It’s no secret that most instructors use PowerPoint for their lecture presentations, but how effectively are you communicating with PowerPoint? With a few weeks into the semester, we thought this would be a good time to revisit some basic principles of good PowerPoint design, which is why we are launching…
Communicating Visually Part I: A PowerPoint Design Series
PowerPoint is a tool meant to visually support a presentation, so with PowerPoint, you are entering the world of visual design. The role of a visual designer “is to convey complex stories and ideas visually in such a way that the viewer can nearly instantly comprehend the information being presented.1” There are certain principles to consider when designing a PowerPoint presentation so that your ideas are clearly communicated to your audience.
Principle #1: Communicate More with Less
If you only change one habit in PowerPoint, make it this: put less stuff on each slide. Everyone has seen or created the slide with a list of bullet points, such as the following:
When a slide like this is presented in class, students cannot be expected to attentively listen to the lecturer while frantically reading and copying a slide full of text. That being said, students want access to the lecture text as it helps them understand what is important. Faculty and presenters may also need the bulleted list to keep the lecture on track. To solve this dilemma, presentation coach, Dave Yewman, shares the following tip:
TIP #1: “Hide the Slide”
Go ahead, create a slide with all the facts and bullets you want…BUT hide it from view during the presentation. According to Yewman, you can easily do this in PowerPoint’s slide sorter view – “in PowerPoint’s slide sorter view right-click on a slide and you’ll get an option to hide the slide. It will still be there in a printout or an e-mailed slide deck – but you won’t have to subject audiences to all those bullet points2” during your presentation.

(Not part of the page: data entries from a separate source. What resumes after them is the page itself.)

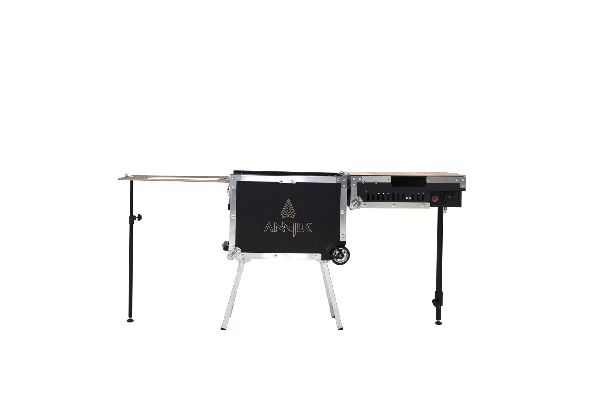 | Scope of delivery | 1x Wasserpumpe, 1x Waschbecken Chrom, 4x Hauptplattformbeine (32 cm), 2x Stützbein Abdeckung Kochfeld, 1x Abwasserablaufschlauch, 2 Räder, 2 Tragegriffe, 1x Ziehgriff ausziehbar, 1 Stoff Schutzhülle, 1 wiederverwendbare Holzbox Transport |
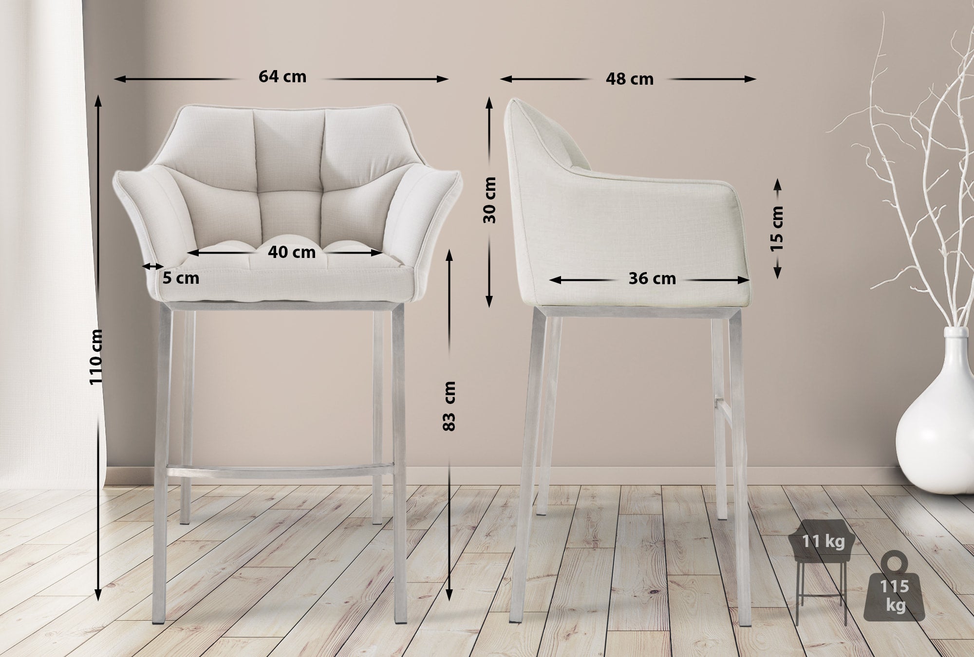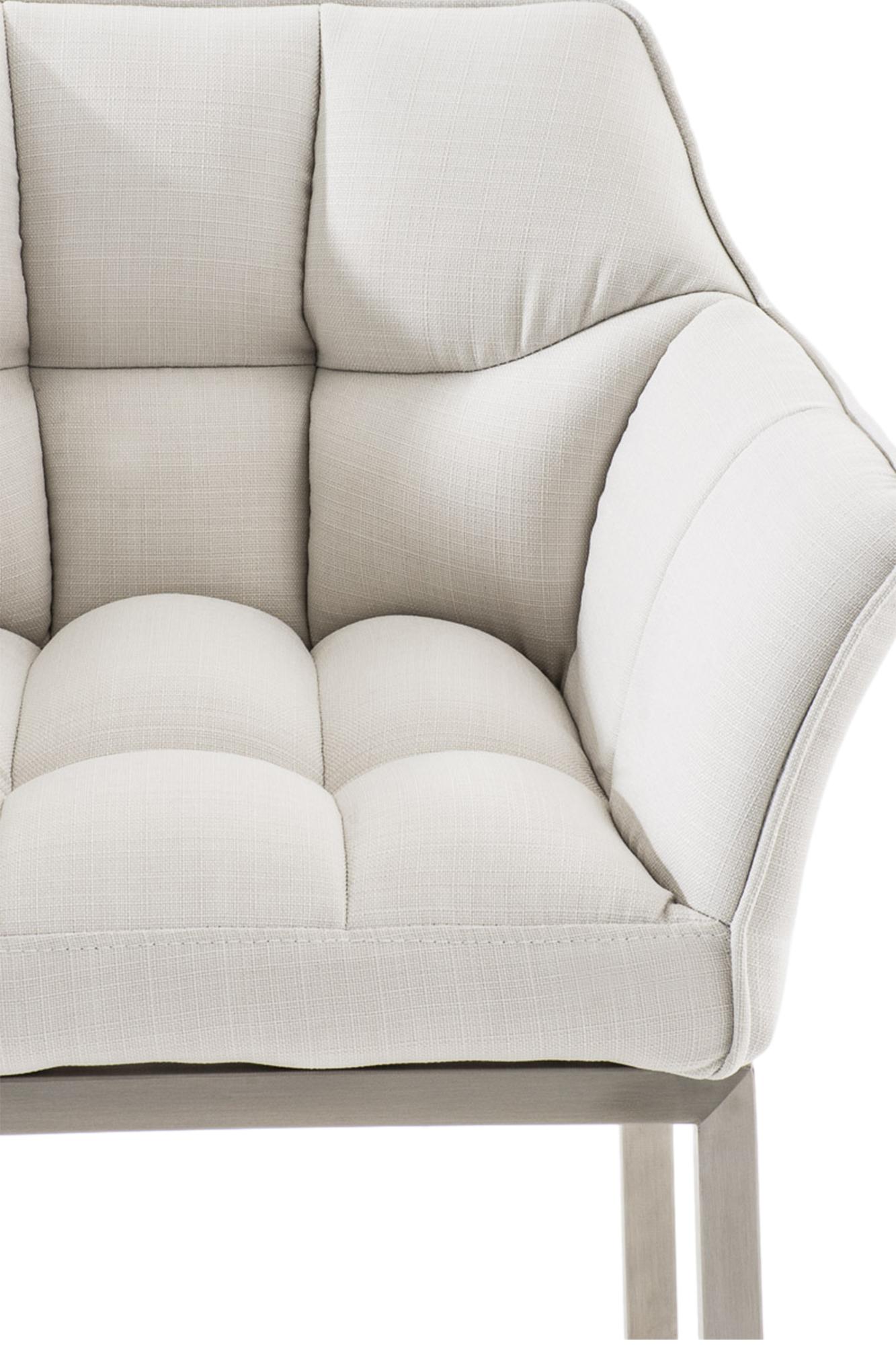 Tabouret de bar x1 assise enveloppante capitonnée en tissu blanc avec structure à 4 pieds en acier inoxydable 10_0006607
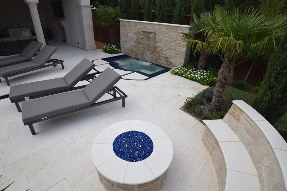 - Features: Buff Lueders • Cannon Jets • Flush Spa • Freska Leuders Limestone • Sheer Descent • White Diamonds PebbleSheen •
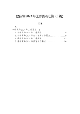 教育局2024年工作要点汇编(5篇)目录1.市教育局2024年工作要点22.市教育局2024年工作要点193.市教育局2024年全市教育工作要点.294.县教育局2024年工作要点425.县教育局2024年教育工作要点..50市教育局2024年工作要点2024年,全市教育系统坚持以新时代中国特色社会主义思想为引领,深入贯彻落实党的精神,全面落实市委十届七次全会及国家、省教育工作部署,紧紧围绕12991工作思路【坚持建设教育强市办好人民满意教育一个目标;突出全面提高教育教学质量、加快推进教育现代化两项重点;强力推进党建领航工程、立德树人工程、中小学幼儿园扩容提质工程、基础教育公平优质均衡工程、职业教育提质培优工程、高等教育双一流工程、教师队伍素质提升工程、教育数字化赋能工程、教育治理创新工程九项工程;持续深化新时代教育评价改革、新时代教育督导体制机制改革、教育集团化改革、义务教育双减改革、招生机制改革、课堂教学改革、县管校聘改革、教师激励机制改革、协同共育改革九项改革;努力办好一批教育民生实事】,凝心聚力、务实笃行,奋力开创XX教育高质量发展新局面。 一、坚持建设教育强市办好人民满意教育目标 1.全面完成年度工作任务。围绕建设教育强市目标,加快推进教育事业发展。学前三年毛入园率达到94.5%以上,普惠性幼儿园覆盖率达到89%,公办幼儿园在园幼儿占比达58%。义务教育阶段入学率保持100%、巩固率达到98%,原建档立卡学生巩固率达到100%,随迁子女在公办学校就读比例达到90%以上,特色学校达到250所,农村优质学校达到140所。高中阶段教育毛入学率达到94%,特色学校达到40所,普通高中招生人数达到9.5万人,就读优质普通高中在校生比例达到65%。全市新增特殊教育资源教室30个。义务教育课后服务学校覆盖率、学生有意愿参与率100%。全市中等职业学校办学条件达标率不低于80%。评选认定XX市中等职业学校双师型名师工作室10个、双师型骨干教师100名。推动高等教育内涵发展,评选认定市级高水平专业5个。 2.健全教育发展保障体系。加大财政教育经费投入,严格落实各学段教育生均拨款制度和教育专项投入政策,确保实现两个只增不减,全年教育经费投入达到294.4亿元。落实《河北省内部审计规定》要求,推进内部审计全覆盖,强化审计监督效能。建立完善开放灵活的教师补充机制,新招聘补充教师3000人以上。 3.提升教育系统作风效能。深入开展四下基层活动,充分发挥市、县两级驻校干部作用,指导督促基层薄弱学校有效处置负面舆情,将问题矛盾化解在基层一线,全面提升学校管理水平。结合周末XX专家行活动,持续办好XX教育大讲堂,营造不求所有、但求所用学习氛围。 4.实施精准考核奖惩。修订对县(市、区)、市直学校考核办法,健全完善科学精准考核体系,强化过程性考核,用考核数据引领教育各项工作争第一、创唯一。同时,做好对外宣传、信息公开、议案办理、督查调研工作,加强离退休干部和关心下一代工作,推动保密、档案、后勤、捐资助教、全面深化改革等各项工作。 二、突出两项重点工作 (一)全面提高教育教学质量 5.坚持科学教育质量观。实施课程教学深化行动,开齐开足国家规定课程,引导学校构建多样化有特色课程体系。加强考试命题研究,做好教考衔接。推进教育科研转型,构建研教、研学、研评、研考一体化教研体系。实施1+X学科教研课程,促进学科教研由活动化向课程化转变。深化网络教研,各学段各学科全年网络教研不少于150次。深化与北京海淀区、天津南开区等地互动交流,构建区域教研新样态。 6.加强教育质量监测与发展研究。组织实施国家义务教育质量监测,做好区域内学业质量监测,开展质量评估监测专项培训,争创河北省义务教育质量监测试点单位。建设一批教育发展研究基地,围绕教育高质量发展等重大问题,开展战略性、前瞻性、全局性研究,推动调研成果转化,为科学决策提供支撑。 (二)加快推进教育现代化 7.优质普惠发展学前教育和特殊教育。建立乡(镇)村共同发展机制,每个乡(镇)至少创建1所公办中心园为农村示范性幼儿园。优化普惠性学前教育资源布局与结构,创建游戏教育实验区和游戏教育实验园。创建5所省级示范性幼儿园,10所城市一类幼儿园,15所农村示范性幼儿园。实施特殊教育普惠融合行动,推进普通学校特殊教育资源教室建设。做好适龄残疾儿童少年义务教育阶段教育安置工作,提高送教上门工作质量。 8.优质均衡发展义务教育。优化县域义务教育资源配置,办好一批家门口优质学校。以学校标准化建设为统领,加强乡村小规模学校和乡镇寄宿制
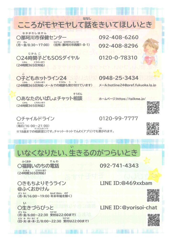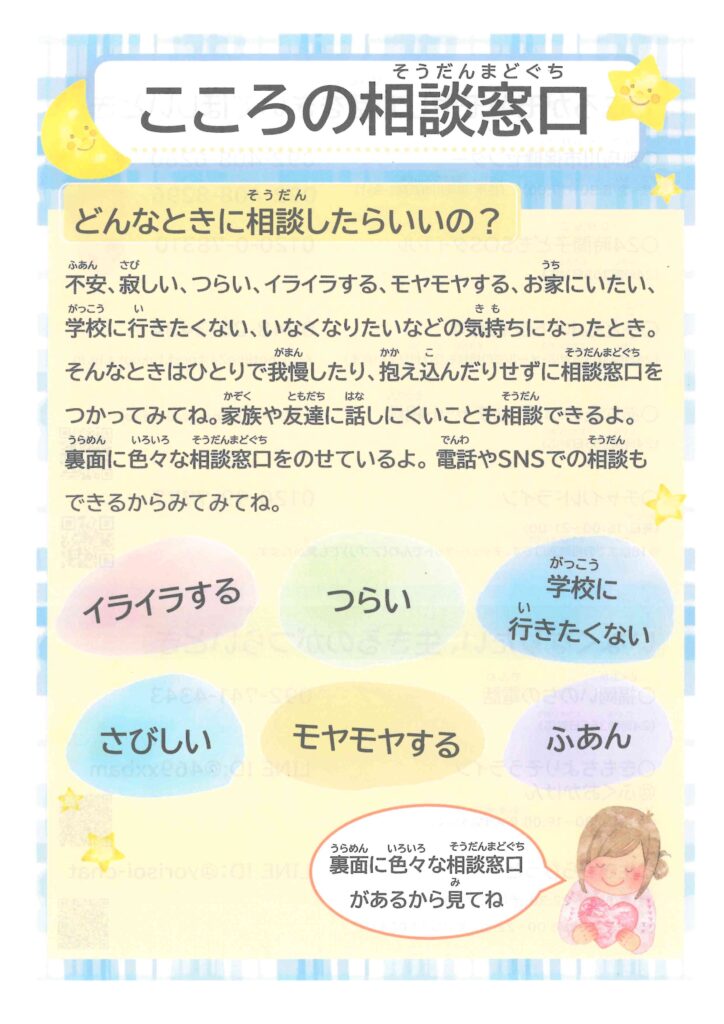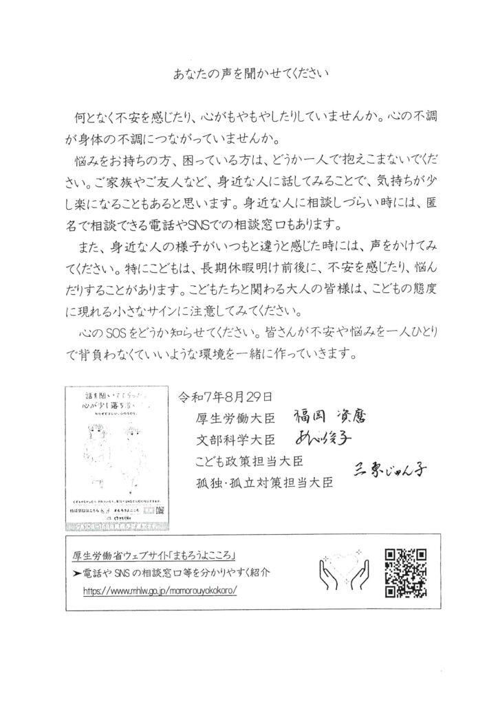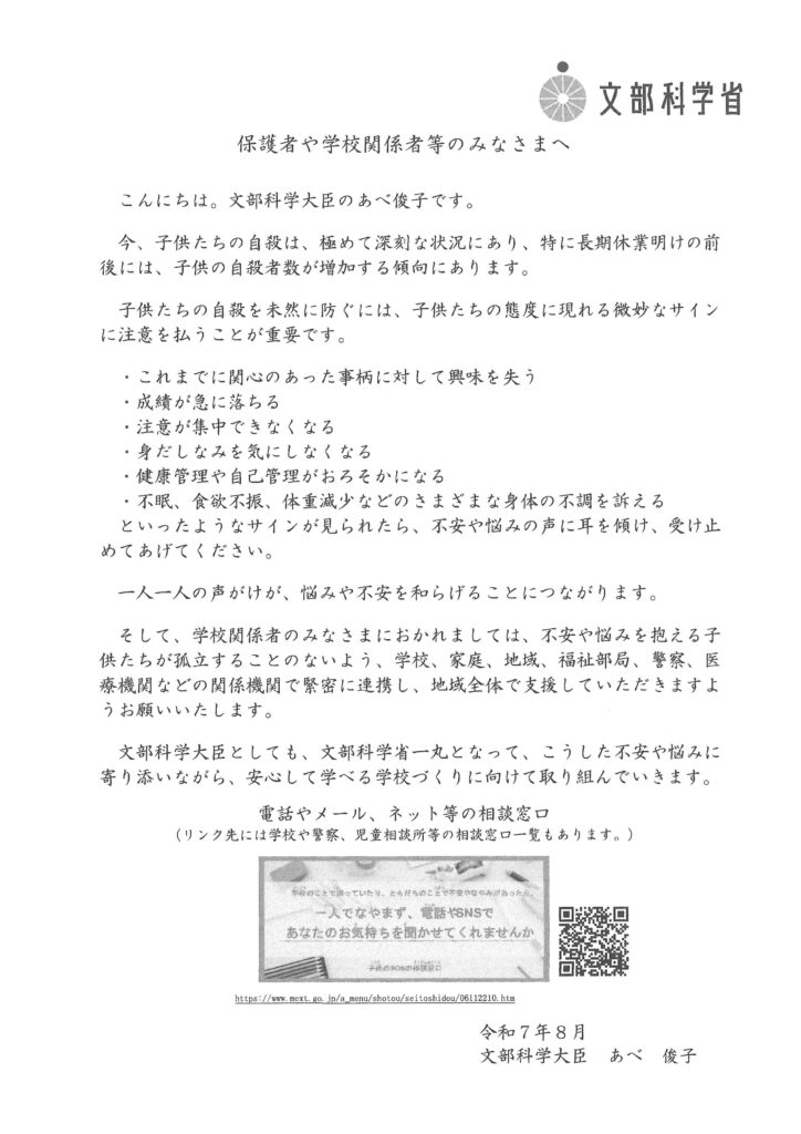 子どもたちの命・心を守るための取組についてお知らせいたします。ご一読ください。
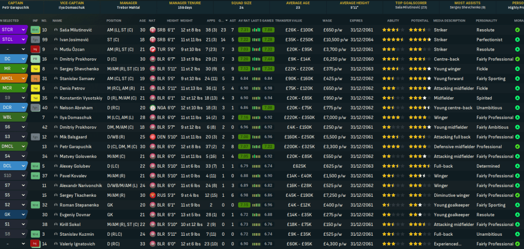 Mahtal couldn’t quite believe he’d led BATE to the Belarussian title. They’d been massively assisted by their rivals’ form falling apart, but a superb unbeaten run led BATE to their 19th title. Miltuibovic led the way with 23 goals in 41 games followed by Josimovic (14 in 24), Mtlu and Prokhorov (7) and Shevchenko (6). Shevchenko led the way with 9 assists followed by Garapuchik (8) and Milutinovic (7). And the club was also boosted by a strong youth intake boasting four 5-star potential talents.
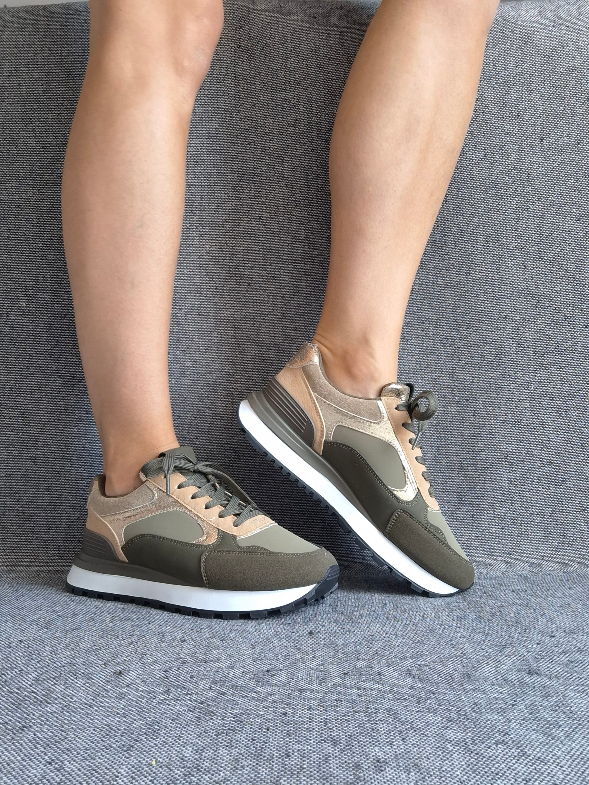 Les baskets présentent un motif léopard beige distinctif qui recouvre la partie supérieure. Elles sont dotées d’une semelle plateforme blanche épaisse avec un design texturé au niveau de la semelle intermédiaire. Les lacets sont blancs, ajoutant un contraste net à l’esthétique globale. Elles ont un look moderne qui attire l’attention et offre un mélange parfait de style et de confort.
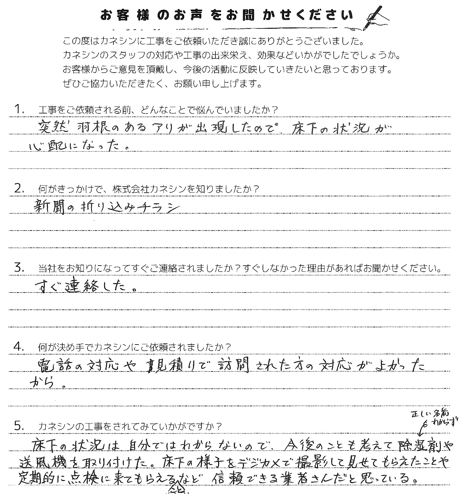 床下の様子をデジカメで撮影して見せてもらえたことや、定期的に点検に来てもらえることなど、信頼できる業者さんだと思っている。
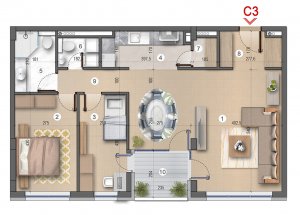 Stan ove strukture nalazi se u lameli B na trećem spratu.
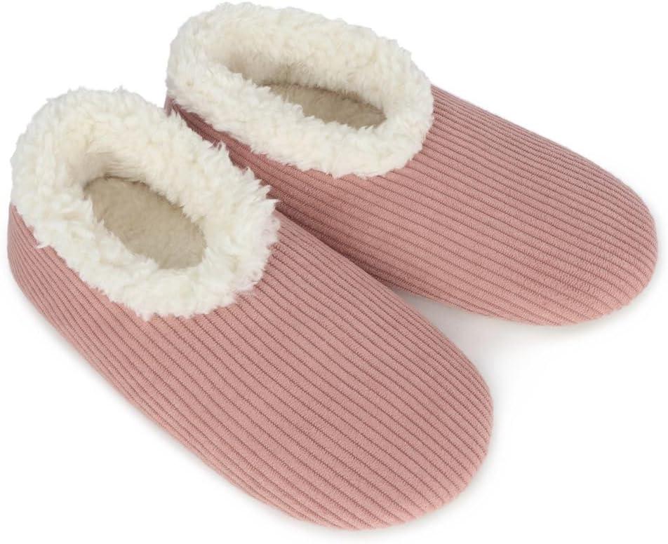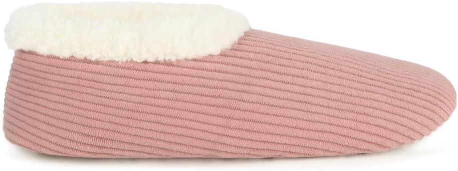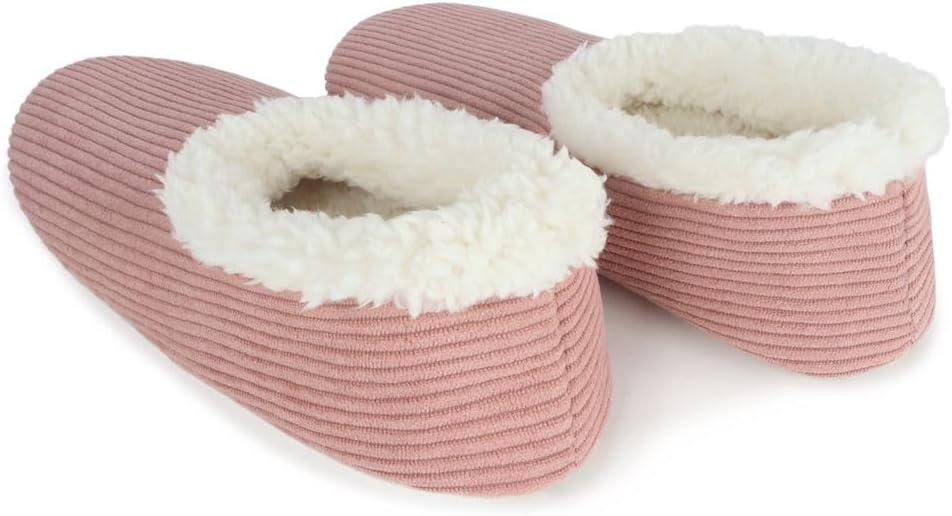 Snoozies Corduroy Slippers for Women with Memory Foam Insole, Sherpa-Lined Slipper Socks for Women Non-Skid(Peach Beige)
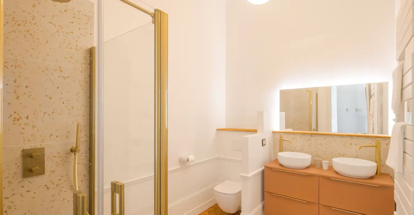 Sa salle de douche privative avec double vasque mixe terrazzo aux couleurs chaudes à un magnifique parquet chevron.

That’s genius! Simplify the slides displayed during your presentation while providing the detailed slides for reading later, not during the lecture. This way, you can transform your busy note-takers into active learners in your lectures.
TIP #2: “Hide YOUR Notes”
Another great tip allows you to place notes for yourself in the NOTES pane of a slide without these being projected for your audience. To do this, use the Presenter View mode when you give your presentation, so only you will see the notes. Of course, you can always print out a separate set of notecards for yourself if you prefer3.
Exception: Learning Objectives
While it is best to hide detailed text during most presentations, lengthy bulleted lists are suitable in your learning objectives at the beginning of an online educational setting. Learning objectives alert your audience to what they are expected to be able to do after your lecture. You will cover a lot of material, but the learning objectives describe what is to be learned from that material and help guide your online audience to key points in the online lecture.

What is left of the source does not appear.